そんな時に創業希望者の皆さんが検討するのは「創業セミナー・創業塾」ではないでしょうか。マーケティングや財務の知識、販促や人材募集のノウハウなど創業期に必要な知識を事前に身に付け、「事業計画」を作り込むことは順調なスタートアップに欠かせないものです。そのため多くの事業者がセミナー主催者となり、「創業」という一つのテーマに対して、複数の切り口でプログラムを提供しています。場合によってはかなりの高額な費用が必要となるケースもあります。

そこで今回注目してみたいのは、市区町村や公的機関が「特定創業支援事業」に基づき実施する「創業セミナー」です。このセミナーは「創業」にあたっての幅広い知識を学ぶだけではなく、受講を修了すると「金融機関の貸付利率の引き下げ」、「登録免許税の軽減」「様々な補助金事業の適用や上限引き上げ」など、出費の多い創業期にはありがたい多くのメリットがあります。もちろん行政機関などが運営するために、費用的にも民間より低額となっています。

多くの創業希望者が、この制度のメリットを理解し利用することで、実際の「創業」にいたるきっかけとなることを期待いたします。

1.特定創業支援事業が生まれた背景

我が国の開業率は5.6%(厚生労働省 雇用保険事業年報 2016年)であり、米国の9.3%や英国やフランスの13%台に対して、大きく下回っている状況が続いています。また人口オーナス時代に突入し、中小企業数や中小企業の従業員数が減少しているなかでは、「地域の開業率を引き上げ、雇用を生み出し、産業の新陳代謝を進めていく」ことが重要となります。

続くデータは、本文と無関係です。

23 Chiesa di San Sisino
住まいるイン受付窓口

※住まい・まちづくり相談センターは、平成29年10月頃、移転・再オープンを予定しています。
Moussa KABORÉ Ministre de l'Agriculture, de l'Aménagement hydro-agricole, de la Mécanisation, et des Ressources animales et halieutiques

平成26年1月20日に施行された産業競争力強化法において、政府は欧米並みの開業率10%を目指し、地域の「創業」を促進させる施策として、「市区町村が民間業者と連携し、創業支援を行っていく取り組みを応援する」としています。こうした取り組みにより開業率の向上、地域の活性化や雇用の確保を実現することを期待してこの「特定創業支援事業」が生まれました。
(参考:中小企業庁 産業競争強化法における市区町村による産業支援のガイドライン)

図1 開業率の国際比較

出典:中小企業白書2019年版第1部第5章

2. 市区町村による特定創業支援事業への取り組み

平成26年に施行された産業競争力強化法に基づき、市区町村が地域の創業を促進するために民間事業者と連携して創業支援をする取り組みが生まれました。具体的には、よろず支援拠点、創業支援事業者への支援、認定創業スクール、創業補助金などいくつかの支援内容があり、現在認定を受けている市区町村は1,274件(47都道府県1,419市区町村)に上ります。

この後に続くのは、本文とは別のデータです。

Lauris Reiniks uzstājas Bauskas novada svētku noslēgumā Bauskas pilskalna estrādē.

特定創業支援事業のなかでも主要なものとして、創業セミナーがあります(他に特定創業スクール・創業塾など多くの別名称あり)。市区町村等が創業希望者もしくは創業から5年未満の者に対して継続的に行う支援で、経営・財務・人材育成・販路開拓の4分野の知識を、4回以上かつ1ヶ月以上の継続的な支援(授業)を行い、提供するスクール型事業のことです。国のガイドラインとして、登記登録免許税の軽減や創業関連保証の増額がありますが、それぞれの市区町村ではプラスアルファの特典を用意しているケースが多いようです。詳しくは次章にて解説いたします。 

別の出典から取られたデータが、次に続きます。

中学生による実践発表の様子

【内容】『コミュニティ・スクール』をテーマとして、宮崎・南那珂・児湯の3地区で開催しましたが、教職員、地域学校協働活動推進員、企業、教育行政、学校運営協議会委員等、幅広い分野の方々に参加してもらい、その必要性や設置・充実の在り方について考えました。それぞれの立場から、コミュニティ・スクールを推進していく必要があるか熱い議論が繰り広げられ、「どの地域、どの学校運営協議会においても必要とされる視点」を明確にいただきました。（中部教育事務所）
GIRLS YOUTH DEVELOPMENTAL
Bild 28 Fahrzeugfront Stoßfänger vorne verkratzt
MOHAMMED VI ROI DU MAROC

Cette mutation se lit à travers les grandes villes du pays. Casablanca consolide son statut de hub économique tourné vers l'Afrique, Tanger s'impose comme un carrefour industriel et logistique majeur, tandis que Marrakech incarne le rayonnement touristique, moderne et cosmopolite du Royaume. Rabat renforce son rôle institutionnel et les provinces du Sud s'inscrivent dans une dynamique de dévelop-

こちらは東京都渋谷区の創業支援事業計画の全体像です。

図2 創業支援事業計画全体像(東京都渋谷区)

出典:東京都渋谷区創業支援事業計画 一部抜粋

次に具体的な事業の支援内容をイメージできるよう、千葉県千葉市が、国の認定を受けた創業支援事業計画を基に行っている取り組みを紹介します。

(1) コワーキングスペース CHIBA-LABO オープンスペース型起業家支援事業

(2) 創業者研修 (全5回 参加費5,000円) 年2回実施 千葉市産業振興財団

事業計画書(収支計算書、資金繰り表を含む)作成ポイントの解説や作成演習を中心に、資金計画及び日常的な経理業務等を講義する。

(3) 経営力強化講座 (全6回 同上10,000円) 千葉市産業振興財団

起業、新事業の創出及び人材のキャリア教育を促進するため、経営戦略や組織マネジメント、マーケティングなどを学ぶ体系的プログラムを実施する。

(4) 創業スクール (全5回 同上 10,800円) 千葉商工会議所

創業に必要な知識を身につけるための全5日間の講座を開講、ビジネスプランの作成までサポートする。

(5) 創業スクール (4回+フォローアップ1回 無料) 年2回実施 千葉信用保証協会

創業のノウハウを習得してもらい、事業の手助けとなるセミナーを開催。4週に亘ってビジネスプランを作成、最終日には創業社長による経営者講演やビジネスプランの発表会を実施する。

3.特定創業支援等事業を受けた創業者のメリットは

次に創業者にとってのメリットを取り上げます。市区町村ごとに支援内容は異なりますので、ご利用の際には必ずご自身が事業を行う地域の取り組みをご確認下さい。千葉市で支援を受けたことの証明書を創業者が取得することで、得られるメリットは以下の通りです。

(1) 登録免許税の軽減

株式会社を設立するとき、登記に登録免許税がかかりますが、「資本金の0.7%」が「0.35%」に軽減されます。 *優遇を受けられるのは令和2年3月31日(予定)までに法務局に登記申請を提出された方となります。

(2) 創業関連保証の特例

創業2ヶ月前から対象となる創業関連保証が、事業開始6ヶ月前から利用の対象となります。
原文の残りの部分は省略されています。